[Mb-civic] Fairness Has Nothing to Do With a Draft LATimes

Michael Butler michael at michaelbutler.com
Sun Jul 18 12:40:52 PDT 2004


http://www.latimes.com/news/opinion/la-oe-kinsley18jul18.story

MICHAEL KINSLEY

Fairness Has Nothing to Do With a Draft

 July 18, 2004

 The country's main reaction to the need for more troops in Iraq is that we
should get other countries to help us out. In other words, draft foreigners.
But events in Iraq have revived rumors and predictions that the real draft
is coming back, and they have provided one of the periodic opportunities for
advocates of a draft to make their case.

 That case has two parts. One is fairness: When you're asking young people
to disrupt their lives and risk dying for their country, that burden ought
to be spread across society, not concentrated among those who may have
volunteered out of desperation. The second argument is democracy: An
important test of the system is whether war-and-peace decision makers have
skin in the game. If the children of politicians and business leaders are at
risk, isn't a war less likely?

 The Pentagon insists that the all-volunteer military actually is a pretty
good cross-section of society. But that is hard to believe. And the power
elite that draft enthusiasts are talking about is probably too small to be
reflected in the Pentagon surveys. At the very least, the sons and daughters
of the elite don't have to sign up for any reason except a real desire to
serve in the military. By contrast, economic pressure and a lack of other
opportunities may lead a poor kid to join the Army even if, on balance, he
might prefer a career in investment banking.

 So is this unfair? Yes, of course it's unfair. But replacing the volunteer
Army with a draft is an odd way to address this unfairness. The practical
effect might be to deny a poor kid the opportunity he or she is currently
taking, without creating new opportunities to replace it. Meanwhile, someone
else who doesn't need or want this opportunity would be forced into it.
Result: Two people doing something they don't want to do.

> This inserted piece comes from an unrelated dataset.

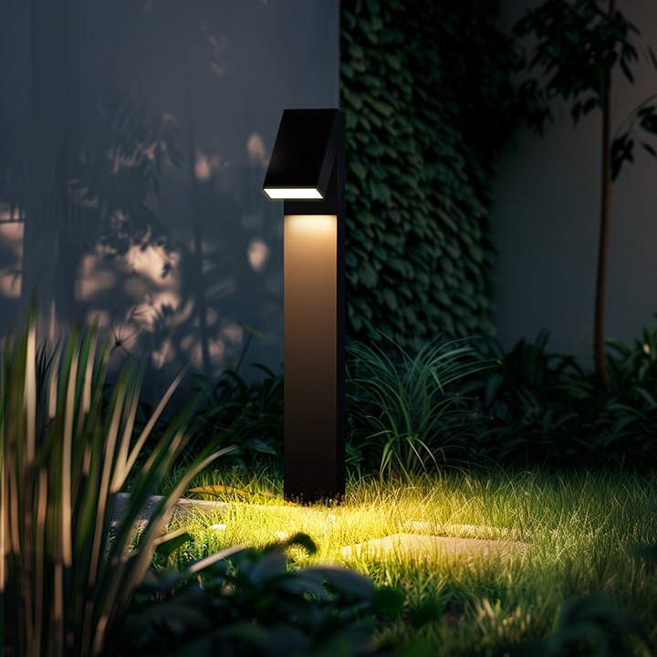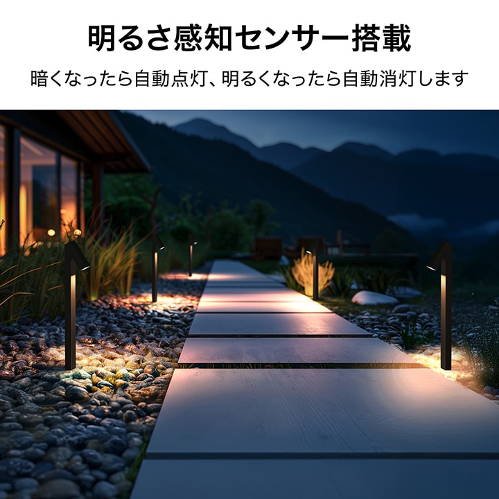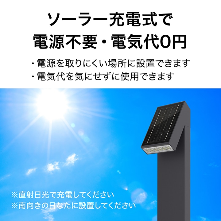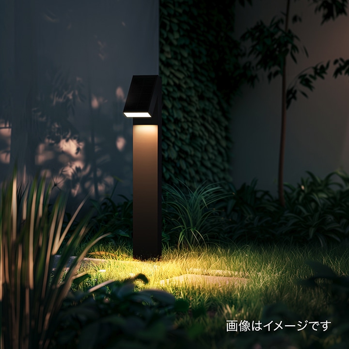 しっかりと明るく照らすソーラーライト。足元を明るく照らすスタイリッシュなポールライト。アプローチなど、エントランスの誘導灯に

 Another problem. Even if we need more soldiers in Iraq, we don't need as
many as a universal draft would produce. The legendary unfairness of the
Vietnam-era draft was more the result of the government looking for ways to
reduce the number of draftees than of actual draft dodging. Draft
enthusiasts have two solutions to this dilemma. One is a universal mandatory
service program for young people in which military service would be just one
option. This is truly the tail wagging the dog. You start with demographic
concerns about the military and end up with a vast new government
bureaucracy dedicated to forcing people against their will into jobs that
mostly have nothing to do with the military. The notion of every young
citizen devoting a year or two to public service is a pleasant one. But is
this pleasant notion reason enough to justify a vast social engineering
experiment and a vast bureaucratic machine to run it? Does experience offer
any reason for confidence that a government agency dedicated to implanting
higher values into millions of young people by finding inspirational tasks
and forcing the kids to do them could actually pull this off without
embarrassment and scandal?

 The other way to equalize a draft is a lottery. Everyone registers, then
whether you get called is a matter of luck. In a way, of course, that's how
it works now. If you're lucky enough to be born prosperous or well
connected, you don't have to serve. The advantage of a draft lottery is that
it would redistribute the luck for at least this one occasion. The
disadvantage is that it's still luck, and still unfair. Arbitrary unfairness
is better than systemic unfairness. But now you are disrupting lives and
closing off opportunities in pursuit of a goal far short of actual fairness.

 During Vietnam, the columnist Nicholas von Hoffman wrote, "Draft old men's
money, not young men's bodies." His point was that in the United States,
when you want more of something ‹ even soldiers ‹ the way to get more is to
pay more. Any kind of draft allows the government to pay less for soldiers
than they would cost in the free market. It is, in essence, a tax on young
people. Or a pay cut for those who would have volunteered anyway. What kind
of fairness is that?

 As for the contention that a draft would make it harder for a president to
start a war, that one can be argued both ways. A draft ensures that decision
makers have a personal stake in a war. On the other hand, a volunteer Army
puts war-and-peace decisions to the test of the market: Can people be
induced voluntarily to fight it? A volunteer Army could become a mercenary
force operating at the president's whim. But a draft Army, always at the
ready, also encourages imperial whimsy.

 It's true that democracy has almost disappeared from this country's
decisions about going to war. Presidents of both parties assert, with little
challenge and even less justification, near unilateral war-power authority.
Congress should reassert its war powers. That would do more for democracy
than drafting the president's daughters.